**Required work**: From the line that includes "Vintage 90s Funny" to the last line of the records that follow, copy every line exactly and nothing more, omitting pictures.

*** Opening of Source records ***

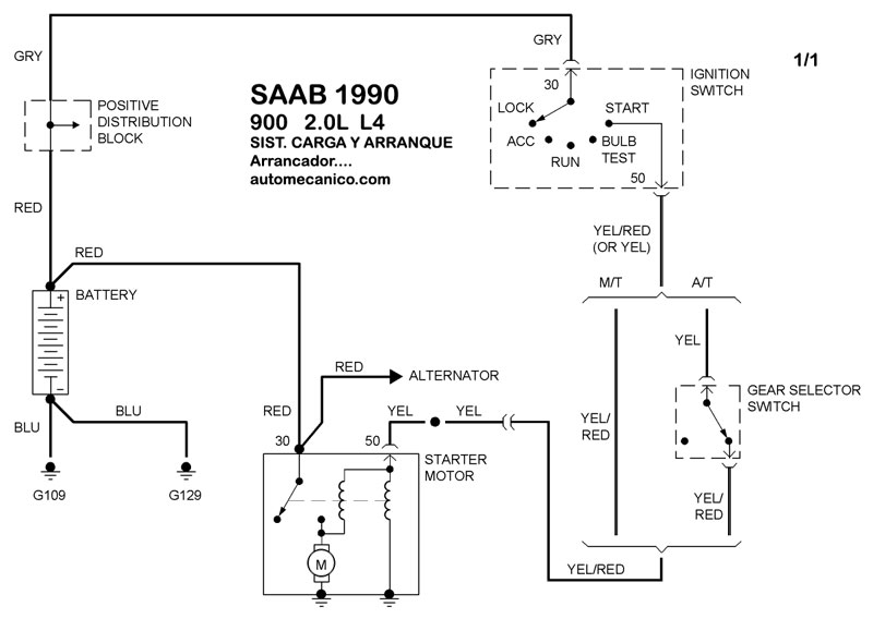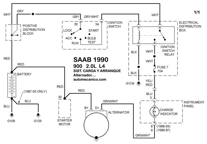 Diagramas SAAB : Carga y Arranque | Charging and Starting System: - Esquemas - Graphics 1990 - |
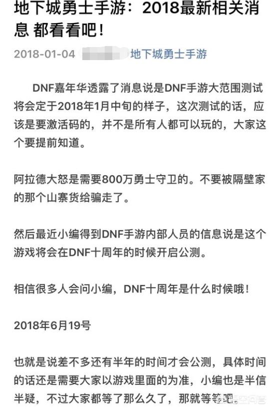 年复一年,日复一日,DNF手游的消息一直牵扯了勇士们四个多年头,一次次的让大家燃起了希望,又一次次的让希望的气泡破灭!
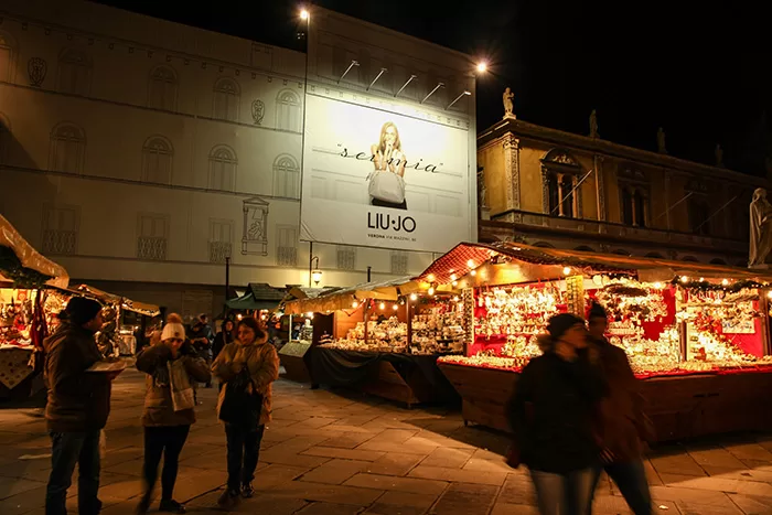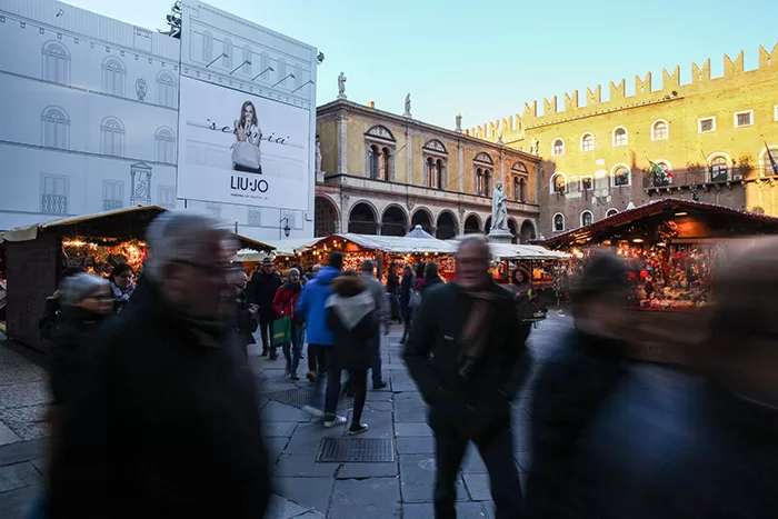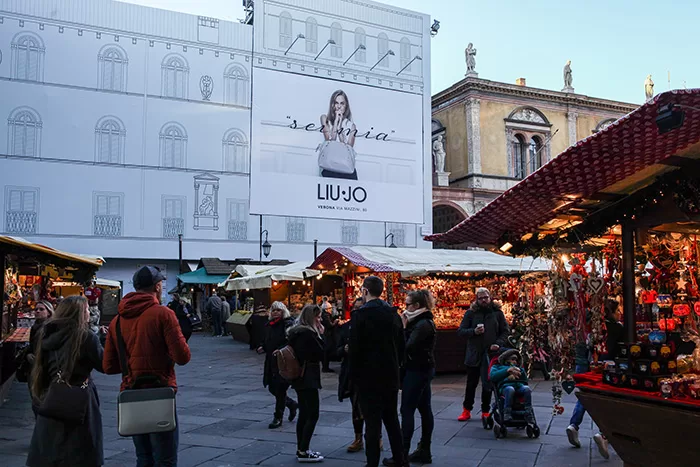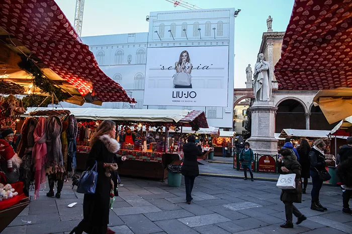 Nuova Maxi affissione nella centralissima piazza Dante nel cuore di Verona, nella splendida cornice dei mercatini di Natale, la nuova campagna pubblicitaria “LUI JO”.
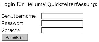 Sie starten die Quickzeiterfassung über http://HELIUMV_SERVER:8080/ze/ze?cmd=quickze, wobei Sie HELIUMV_SERVER durch den Namen oder die IP-Adresse Ihres HELIUM 5 Servers ersetzen.
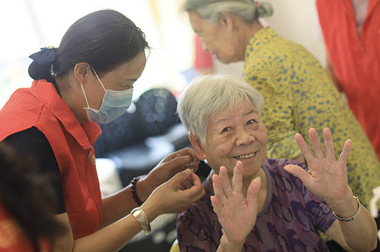 黃雪芳作為志愿者關(guān)愛銀發(fā)長者健康,參加耳穴義診活動(dòng)
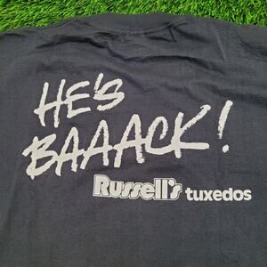 Vintage 90s Funny Cat Shirt L/XL 21x24 Black Russell Tuxedos The-Cat-is-Back
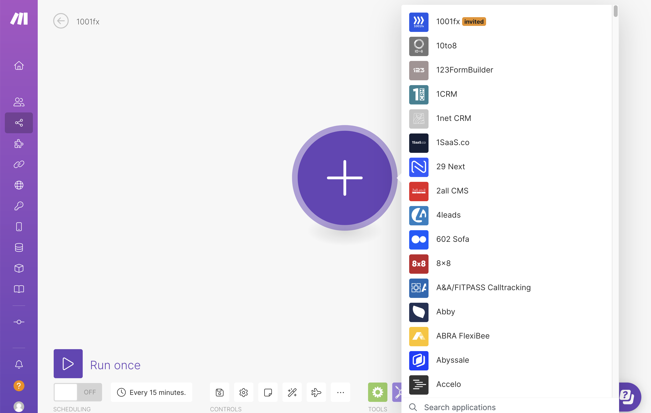 Out 1001fx app is currently in review on make.com. You can already use it by following steps.
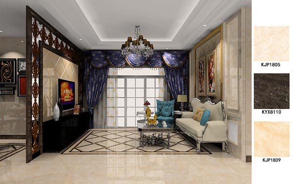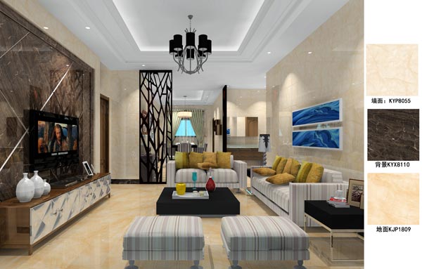 金艾陶瓷磚應用效果:徐州開元翡翠灣D戶型裝修效果鑒賞
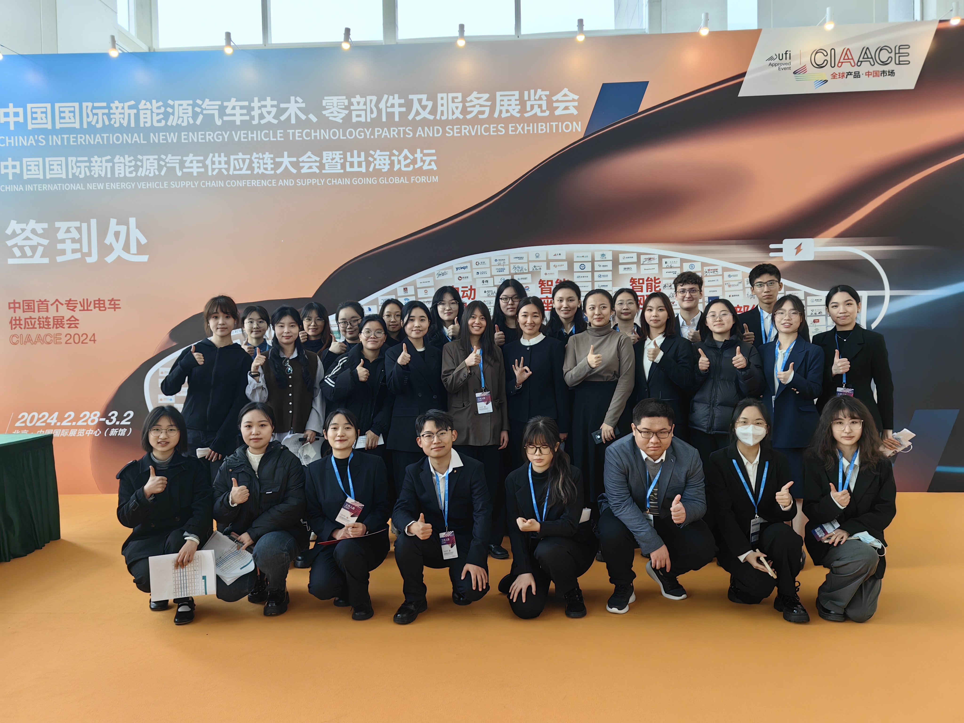 2024年2月28日,UED体育33名学生志愿者赴北京顺义中国国际展览中心,参与第2届中国国际新能源汽车供应链大会志愿服务活动,在外宾接待、翻译陪同、引导服务等岗位上挥洒青春汗水。
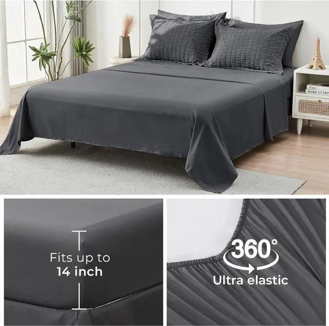 [DEEP POCKET] - Our stretchy deep-pocket fitted sheet easily grips any 12-15 inch mattress and stays in place no matter how you toss and turn on the bed. The soft brushed microfiber fabric provides just the right amount of warmth and comfort.
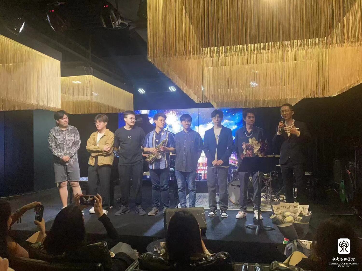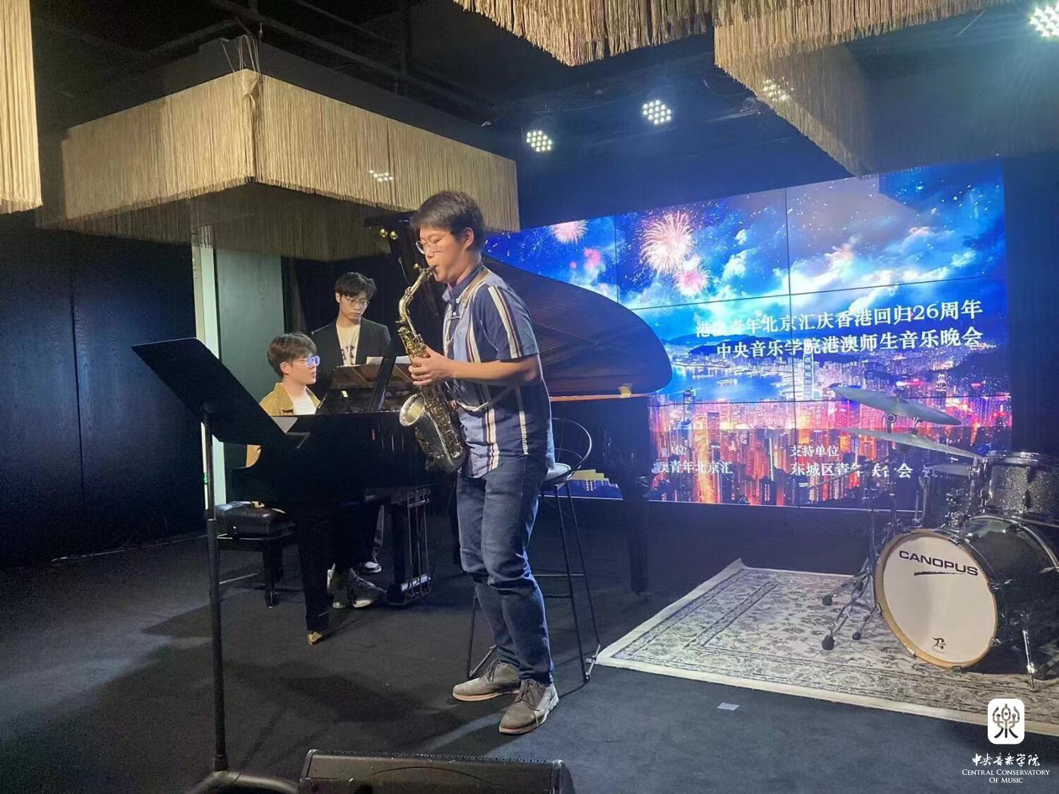 在观众进场、中场休息和观众退场的时段,打击乐专业的研究生燕嘉熠同学和作曲专业的研究生吴天戈同学为现场的观众献上了精彩的即兴演奏,为晚会增添了轻松愉悦的气氛。
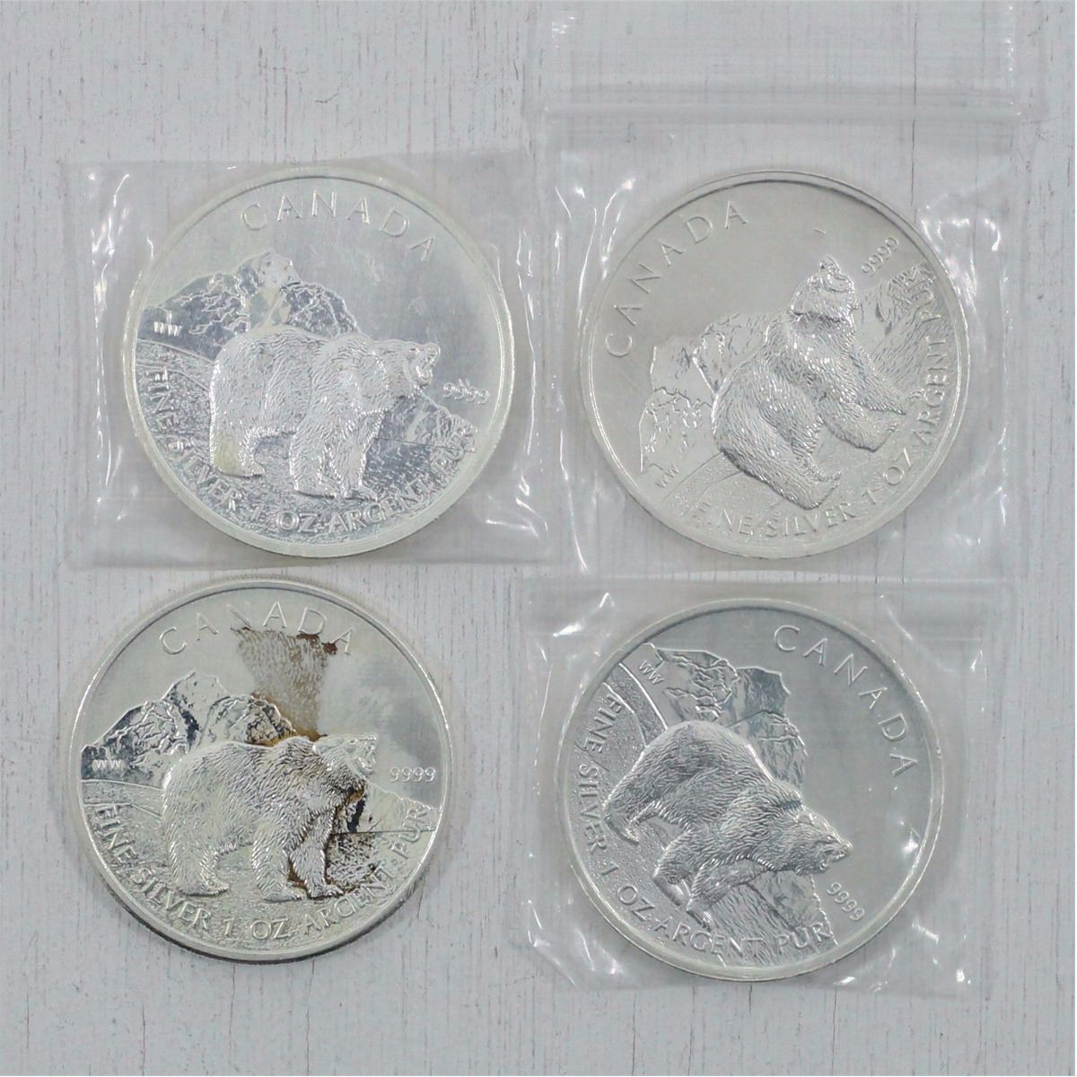 Lot of 4x 2011 Great Grizzly 1oz .9999 Fine Silver Maple Leaf coin. (Tax Exempt). Buyers Premium will be added on all items as per our terms of sale. We accept Paypal, Credit Card, E-Transfer Payments, Cheque or Money Orders (there is an additional 3% fee for using Paypal or Credit Card). All invoices will be emailed immediately following the auction, please contact us if you would like to pay by credit card or receive a new revised lower total for mailing in payment or sending an e-transfer (3% discount). All Items Are Sold "AS IS", no returns
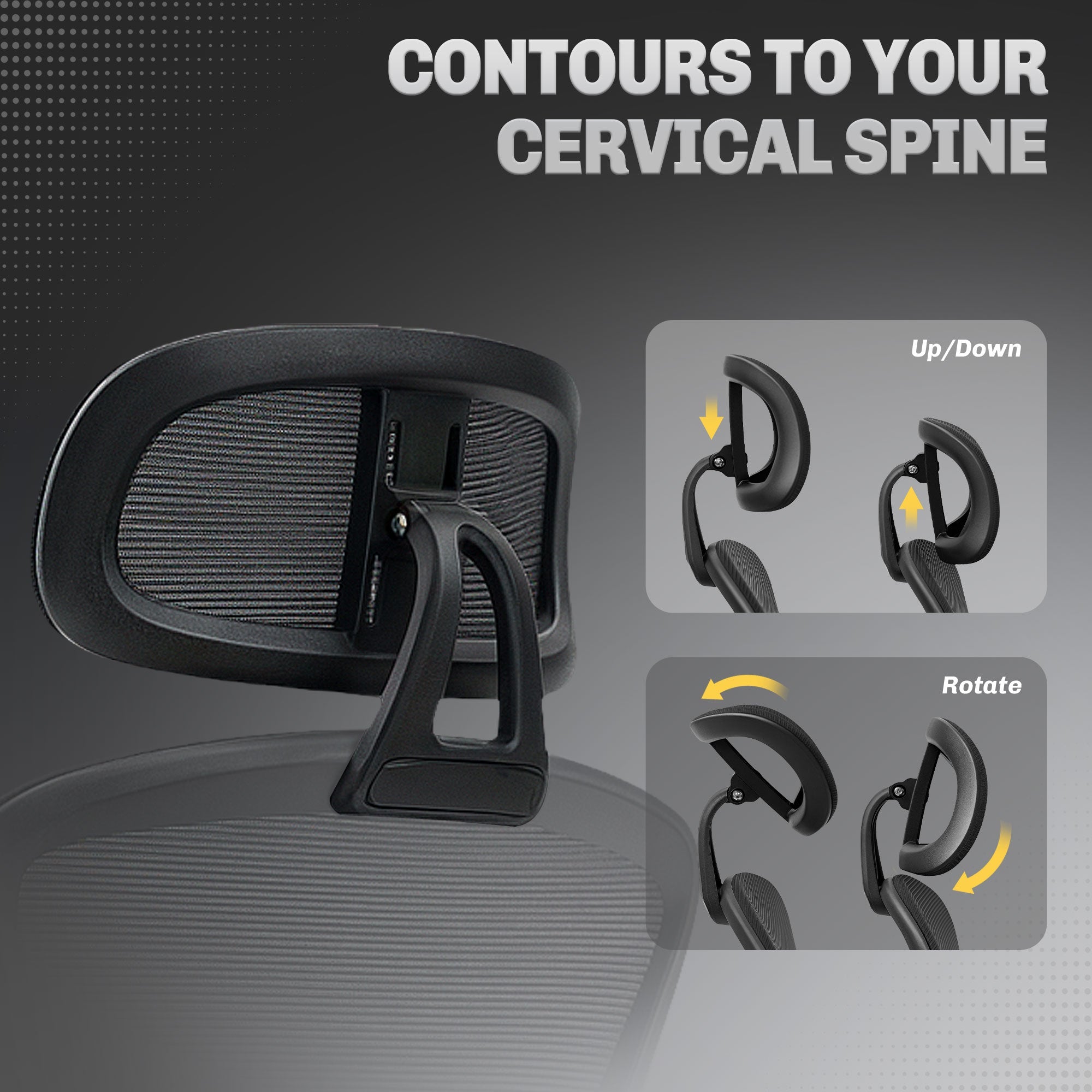 Enjoy precision lumbar support that moves up and down to fit your back, complemented by a rotatable, height-adjustable, and removable headrest that adjusts effortlessly for personalized neck and head comfort in this swivel chair.

*** Close of Source records ***

**Response to this exercise**:
 Vintage 90s Funny Cat Shirt L/XL 21x24 Black Russell Tuxedos The-Cat-is-Back
 Out 1001fx app is currently in review on make.com. You can already use it by following steps.
 金艾陶瓷磚應用效果:徐州開元翡翠灣D戶型裝修效果鑒賞
 2024年2月28日,UED体育33名学生志愿者赴北京顺义中国国际展览中心,参与第2届中国国际新能源汽车供应链大会志愿服务活动,在外宾接待、翻译陪同、引导服务等岗位上挥洒青春汗水。
 [DEEP POCKET] - Our stretchy deep-pocket fitted sheet easily grips any 12-15 inch mattress and stays in place no matter how you toss and turn on the bed. The soft brushed microfiber fabric provides just the right amount of warmth and comfort.
 在观众进场、中场休息和观众退场的时段,打击乐专业的研究生燕嘉熠同学和作曲专业的研究生吴天戈同学为现场的观众献上了精彩的即兴演奏,为晚会增添了轻松愉悦的气氛。
 Lot of 4x 2011 Great Grizzly 1oz .9999 Fine Silver Maple Leaf coin. (Tax Exempt). Buyers Premium will be added on all items as per our terms of sale. We accept Paypal, Credit Card, E-Transfer Payments, Cheque or Money Orders (there is an additional 3% fee for using Paypal or Credit Card). All invoices will be emailed immediately following the auction, please contact us if you would like to pay by credit card or receive a new revised lower total for mailing in payment or sending an e-transfer (3% discount). All Items Are Sold "AS IS", no returns
 Enjoy precision lumbar support that moves up and down to fit your back, complemented by a rotatable, height-adjustable, and removable headrest that adjusts effortlessly for personalized neck and head comfort in this swivel chair.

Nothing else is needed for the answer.